The EU In-Vitro Diagnostic Regulation (IVDR) has applied since May 26, 2022, significantly changing regulatory requirements for IVDs. Under IVDR, devices are classified into four risk-based categories, and all classes except Class A require involvement of a Notified Body (NB) for conformity assessment.
As a result:
- Approximately 85% of IVDs now require a CE Certificate issued by a Notified Body to enter the EU market.
- Under the previous IVDD framework, only 8% of IVDs required NB involvement.
- Currently, only 10 Notified Bodies have been designated under IVDR, creating limited capacity.
Here’s how to approach IVDR certification efficiently:
1. Plan and Allow Sufficient Time
According to a survey conducted by the European Commission, 60% of manufacturers take between 13 and 18 months to reach IVDR certification for their quality management systems (QMS) and products. 30% need between 19 and 24 months. The main reason is that submissions are largely incomplete.
With over 35 years of experience, Obelis can help you streamline the IVDR compliance process:
- Review your documentation
- Identify and close gaps
- Provide supporting tools and guidance
2. Compile Technical Documentation and Regulatory Strategy
Understanding your conformity assessment procedure and transitioning from IVDD to IVDR compliance is crucial.
Obelis can support you with:
- Templates and checklists for essential documentation
- Regulatory strategy tailored to your devices
- Continuous guidance from expert consultants
3. Engage a Notified Body Early
Notified Bodies have limited capacity due to high demand. Securing your NB early is critical to avoid delays.
Obelis offers a dedicated service to help you:
- Contact Notified Bodies on your behalf
- Negotiate and present offers
- Manage administrative procedures, so you can focus on your business
Make IVDR Compliance Easier with the Right Partner
Meeting IVDR requirements can be challenging, but the right regulatory partner makes the process smoother. Obelis offers a full range of services for IVD regulatory compliance, guiding manufacturers to place their devices on the EU market efficiently.
With experience helping over 3,000 manufacturers from 60+ countries, Obelis can help ensure your IVDR certification process is faster and more reliable.
FAQ
1. What is IVDR?
The In-Vitro Diagnostic Regulation (IVDR) is EU Regulation 2017/746 that sets updated rules for in-vitro diagnostic (IVD) devices, replacing the previous IVDD framework. It classifies IVDs into four risk categories and requires most devices to involve a Notified Body for CE certification.
2. Which IVDs require a Notified Body under IVDR?
All IVDs except Class A devices require involvement of a Notified Body for conformity assessment. This means approximately 85% of IVDs now require CE certification from a Notified Body to enter the EU market.
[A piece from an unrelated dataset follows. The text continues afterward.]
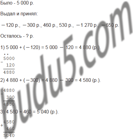 В кассе было 5 000 р. В течение дня кассир несколько раз выдавал и принимал деньги, делая записи:

3. How long does the IVDR certification process take?
Certification timelines vary:
- 60% of manufacturers take 13–18 months
- 30% take 19–24 months
Delays are often due to incomplete submissions or missing documentation.
4. What documents are needed for IVDR certification?
Key requirements include:
- Technical documentation for each device
- Quality Management System (QMS) records
- Conformity assessment strategy and evidence of compliance
5. How can I prepare for IVDR compliance?
- Plan ahead and allocate sufficient time for certification
- Compile and review technical documentation
- Identify the correct conformity assessment procedure for your devices
6. When should I approach a Notified Body?
Engage a Notified Body as early as possible due to limited capacity. Only 10 Notified Bodies are currently designated under IVDR, so early engagement helps avoid delays.